▸ **Provided data**:
*** Begin section ***
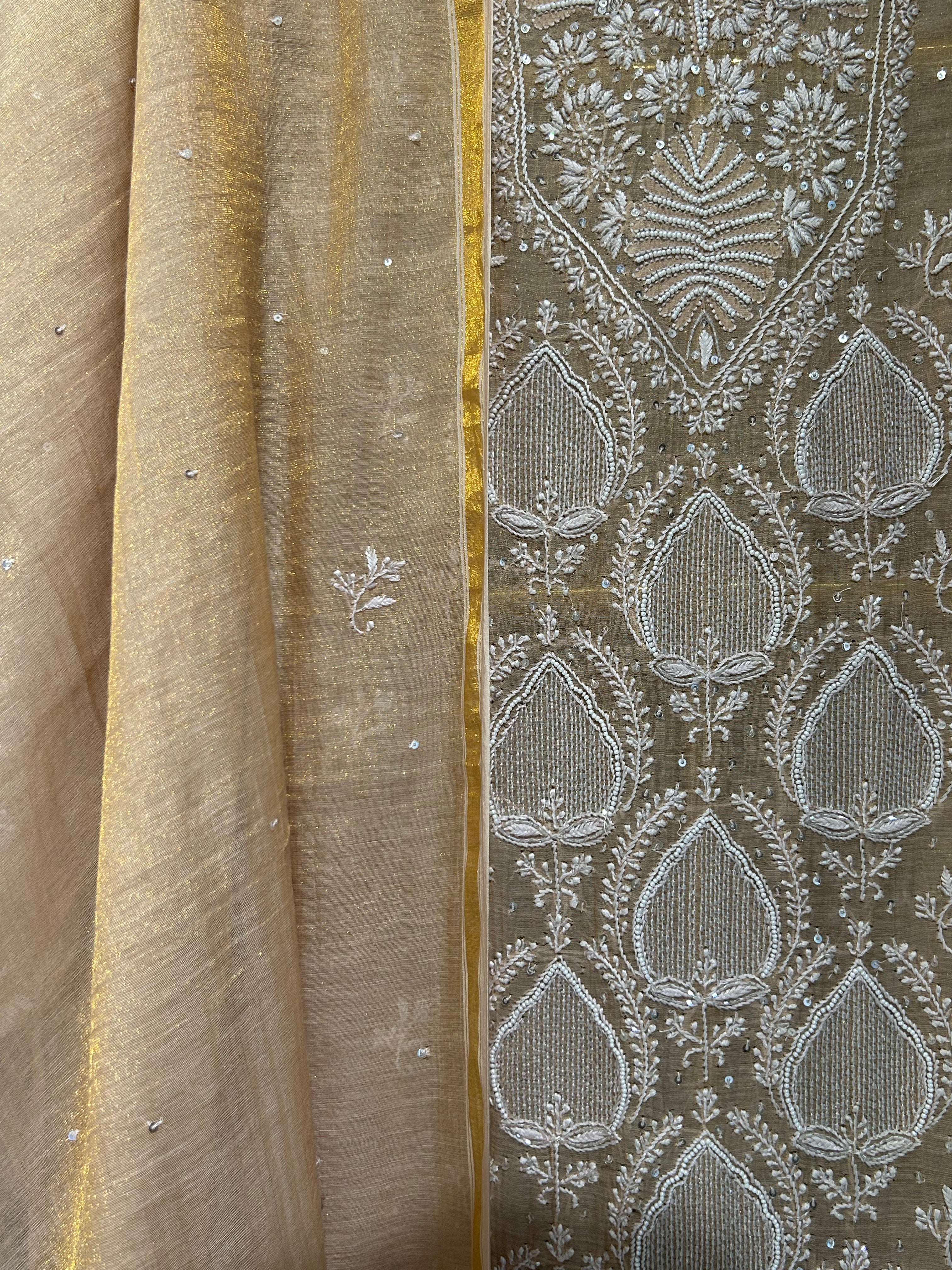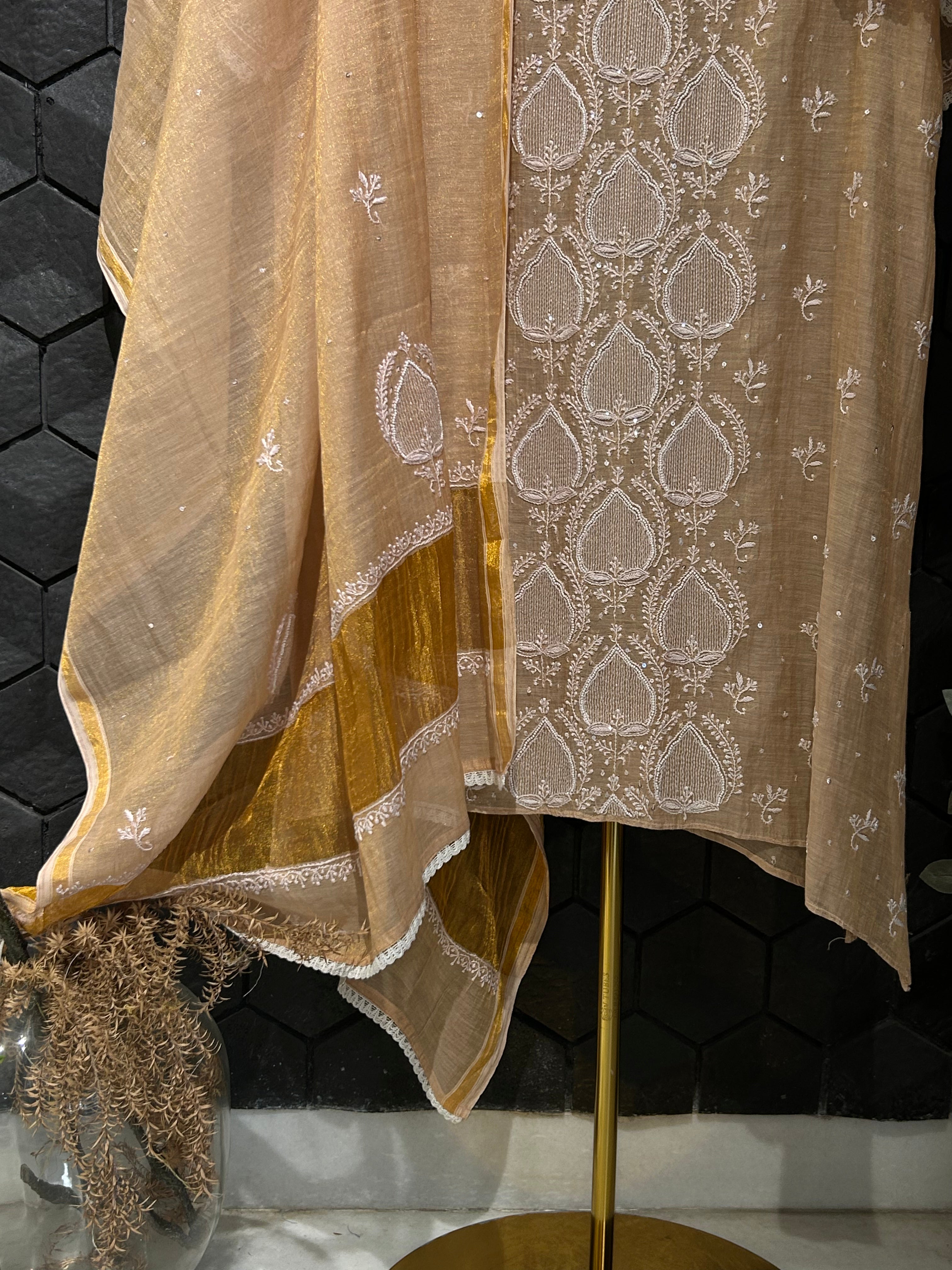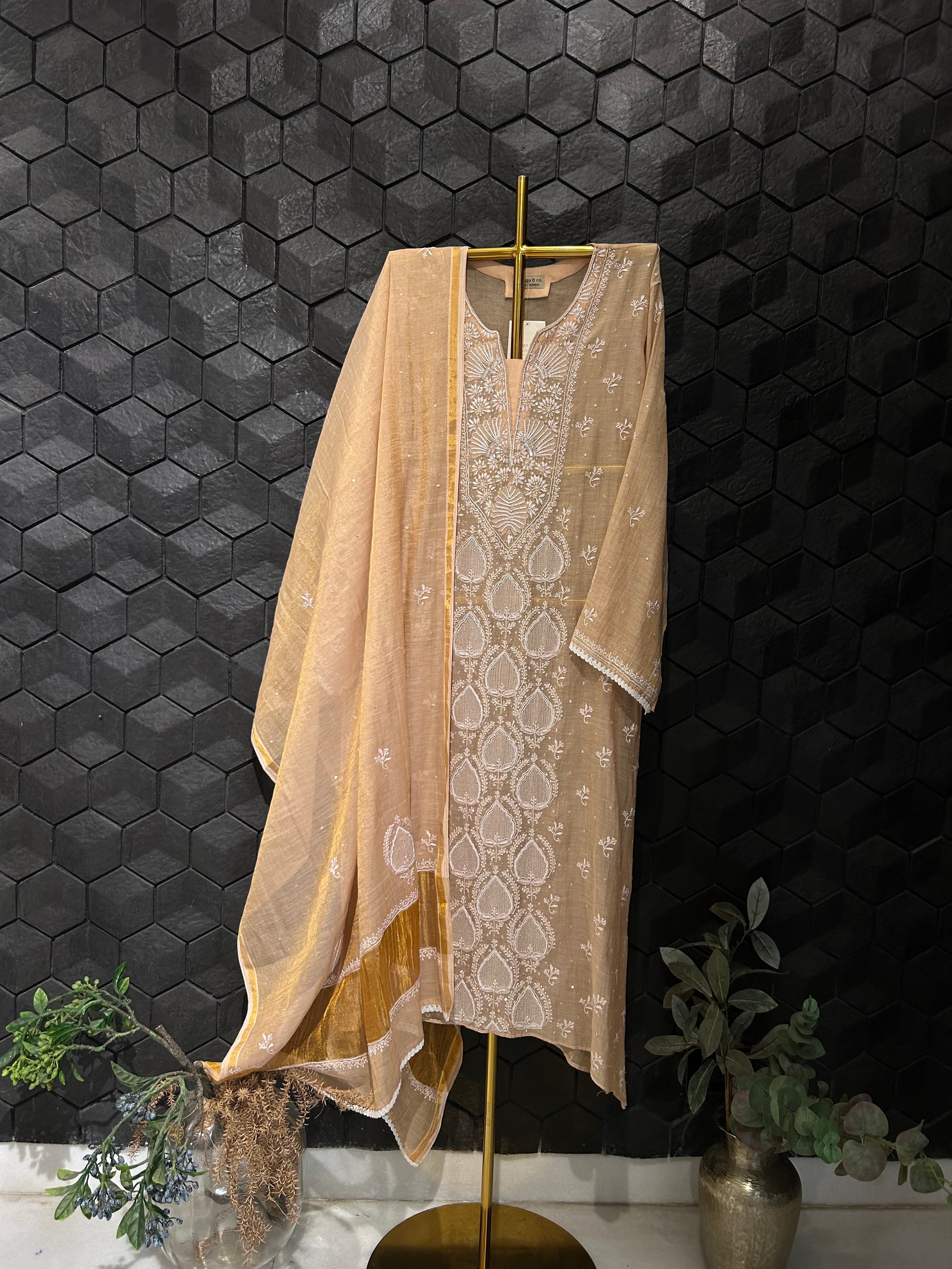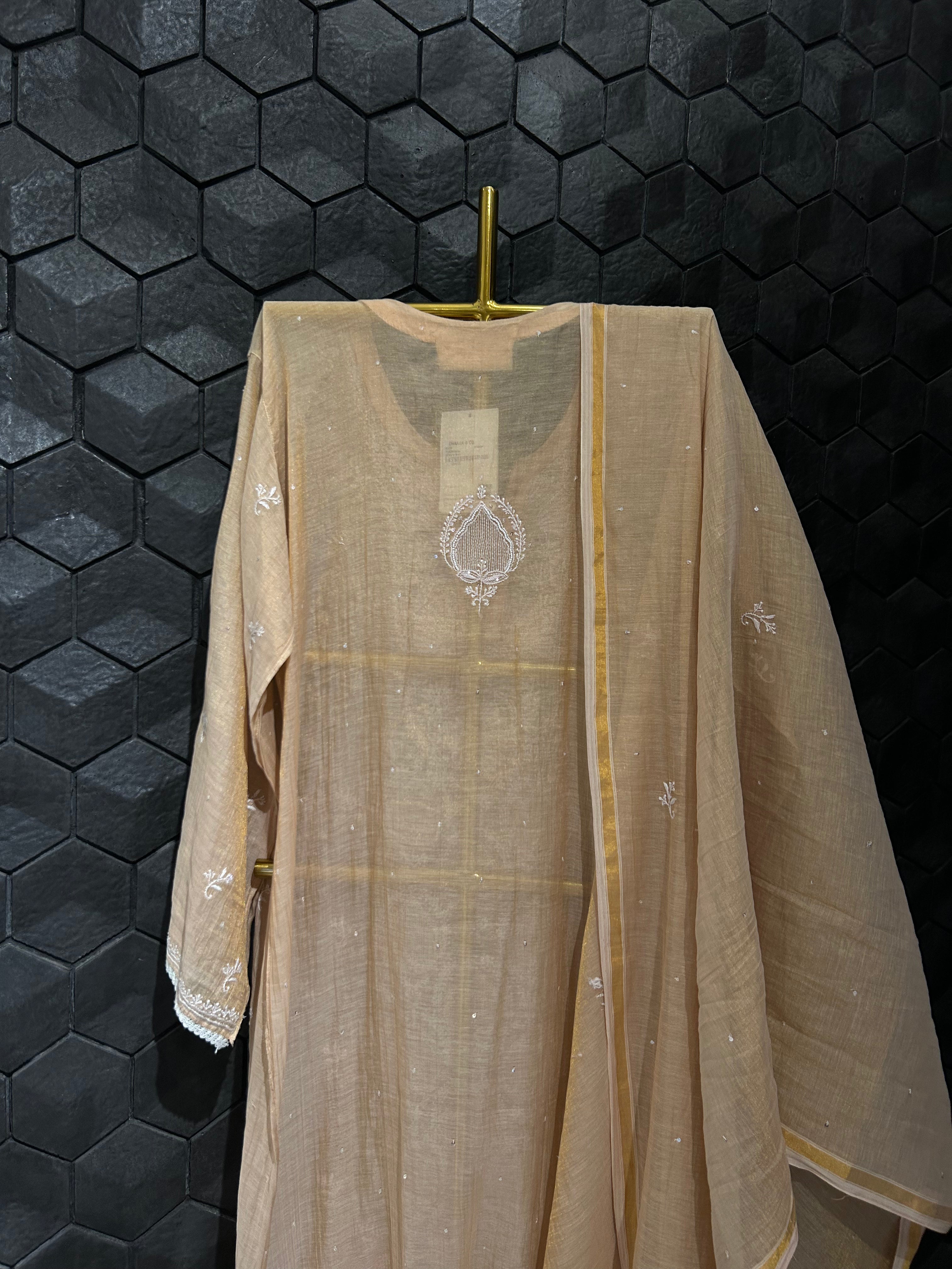 Peach Tissue Chikankari Kurta Set
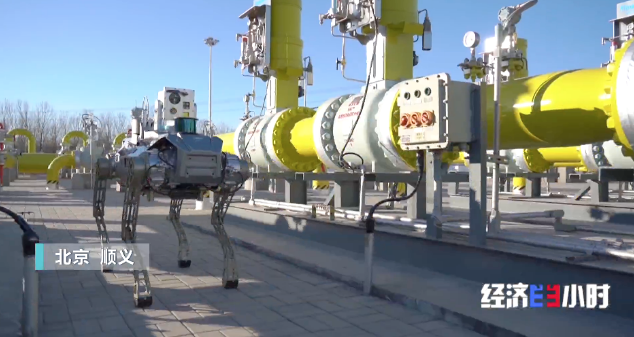 北京顺义,最新一代防爆四足机器人正在密集的管线之间穿梭,灵活越过障碍,精准对焦每一个阀门。有了它的保驾护航,这条保供生命线更加安全顺畅地运行。
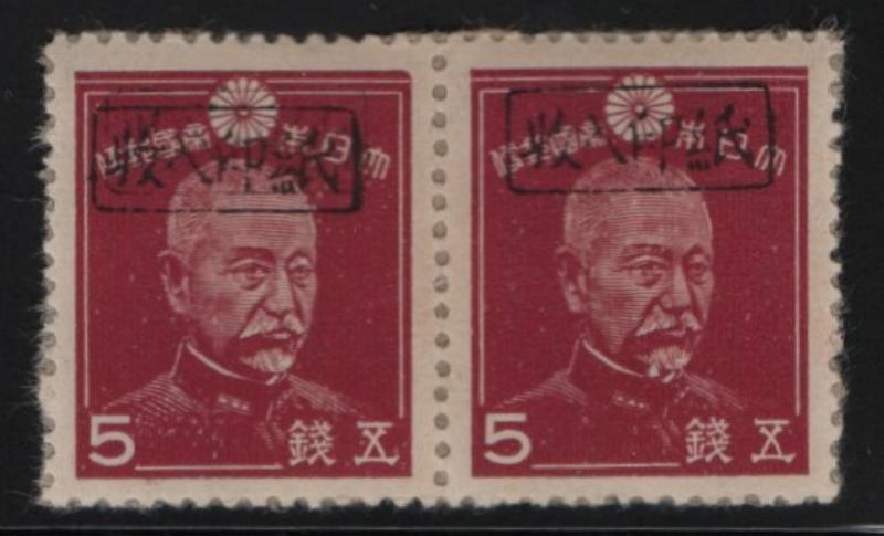 Miyako Provisional Revenue, 5s brown lake, Hz pair, L stamp w/ double ovpt, full backing paper, VF; listed but not valued in Scott (Image)
*** End section ***
▸ **Problem**:
Everything in the listing except the pictures must come back exactly as written.

▸ **Task response**:
 Peach Tissue Chikankari Kurta Set
 北京顺义,最新一代防爆四足机器人正在密集的管线之间穿梭,灵活越过障碍,精准对焦每一个阀门。有了它的保驾护航,这条保供生命线更加安全顺畅地运行。
 Miyako Provisional Revenue, 5s brown lake, Hz pair, L stamp w/ double ovpt, full backing paper, VF; listed but not valued in Scott (Image)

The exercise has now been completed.